Additional representations of the historical data can be constructed using the Views service as well. Virtual Views allow for the application of data structure changes, tag aliasing, and asset modeling on top of the Canary Historian without altering the historical archive. When clients request data from the Views, they can browse not only the Canary Historian as it is archived, but additional Virtual Views as well.

Additionally in Version 21 of the Canary System, the Views service can be used to stitch together multiple Canary Historians and/or multiple Virtual Views so that a client may browse one volume even though it may be spread across multiple servers. This feature allows for unlimited scalability for large systems with millions of tags.

Moving Data Using the Mirror

The Mirror allows for the scheduled duplication of DataSets from one Canary Historian to another.

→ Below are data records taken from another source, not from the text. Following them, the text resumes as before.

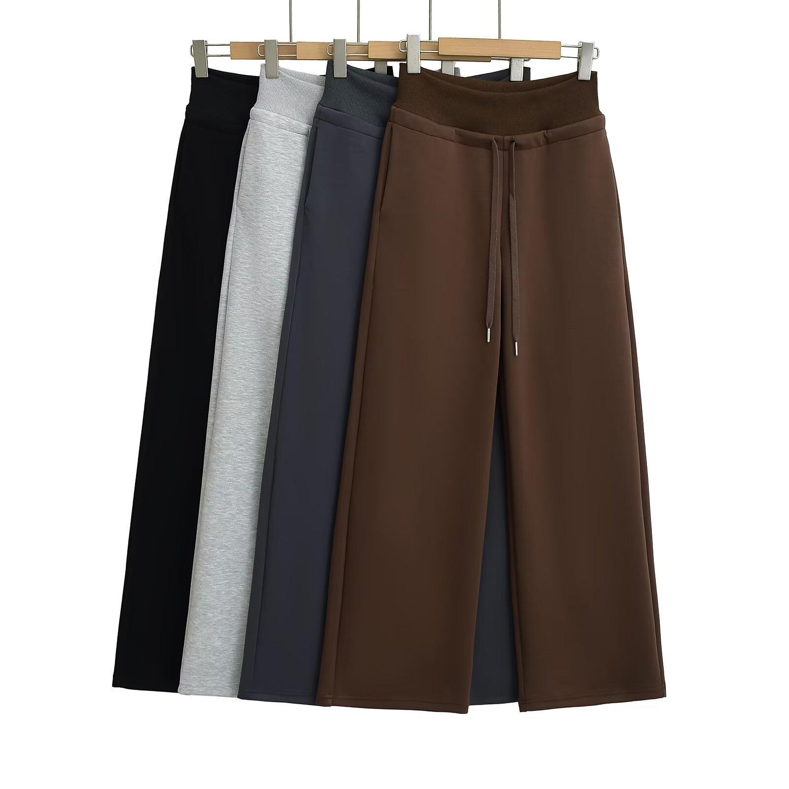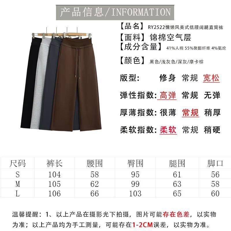 Pantalones rectos de pierna ancha y tiro bajo estilo holgazán americano para mujer 2025 primavera versátiles simples deportivos y de ocio hasta el suelo
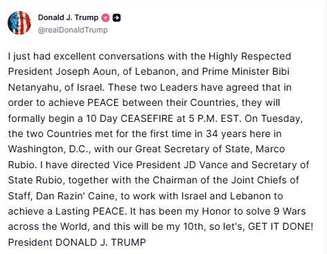 Trump dijo que habló con su homólogo libanés, Joseph Aoun, y con Netanyahu antes de declarar el alto el fuego.
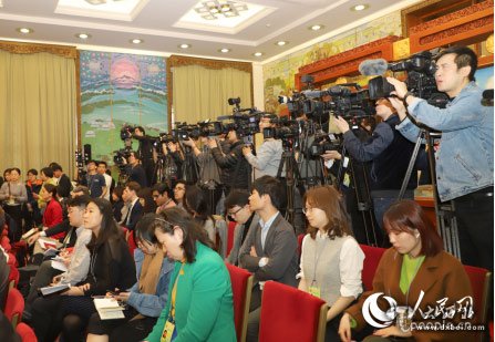 西藏代表团开放日吸引众多媒体。(人民网记者吴超 摄)
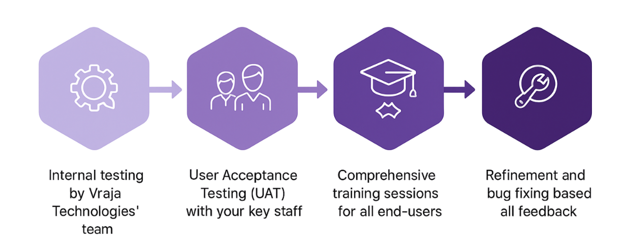 With your Odoo system configured and customized, this crucial phase focuses on validation and empowerment. Our goal is to ensure the system is robust, bug-free, and perfectly aligned with your business processes, while simultaneously preparing your team for a smooth transition. Through rigorous testing and comprehensive training, we make sure every user is confident and proficient, guaranteeing that your new Odoo environment is ready for optimal performance from day one.
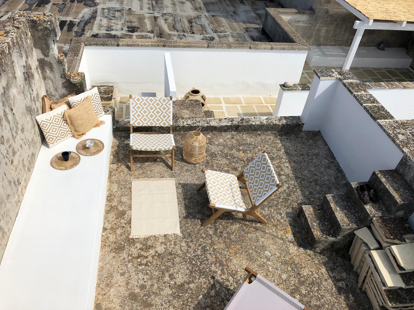 Une des trois terrasses, meublée dans un style arabesque, crée un coin paisible avec des éléments marocains. Le mobilier est également d'Acqua di Puglia, sobre et élégant, inséré dans un environnement rural-chic capable de mettre en valeur la beauté du Salento, avec ses formes, ses parfums et ses matières premières

Typically, a dual logging approach would be recommended as this provides for the arrival of data to both historians in near real time.

However, certain use cases warrant the Mirror over dual logging. These can include brown-field projects that would require too much effort to reconfigure logging sessions or architectures that require strict bandwidth constraints.

The Mirror works by connecting to the Views service of a remote Canary Historian that it will 'pull' data from. The Mirror snapshots the existing volume and duplicates it within the local Canary Historian.

Client Load Balancing

Systems that have large client interaction, typically more than 50 concurrent clients, may consider load balancing the Canary System by creating two separate Views options, one dedicated for Axiom clients, the other for APIs and other 3rd-party applications.

This architecture is preferred when APIs are used to connect to the Canary System as it isolates those API calls from Axiom and Excel Add-in client activity. This best practice prevents system slow down for Canary client tools should 3rd party applications draw too many resources.

Cloud Architectures

Canary System components may be installed in cloud solutions such as Azure, AWS, or Google as long as system requirements are met (Windows Server 2012+ and .NET Framework 4.7+). These installations should have Canary Data Collectors and Senders local to the data and have the flexibility of using Canary and third party client tools as needed. Additional Canary components may be installed in the Cloud (Calculation Server, Events, Publisher, etc) although they are not represented in the above drawing for simplicity's sake.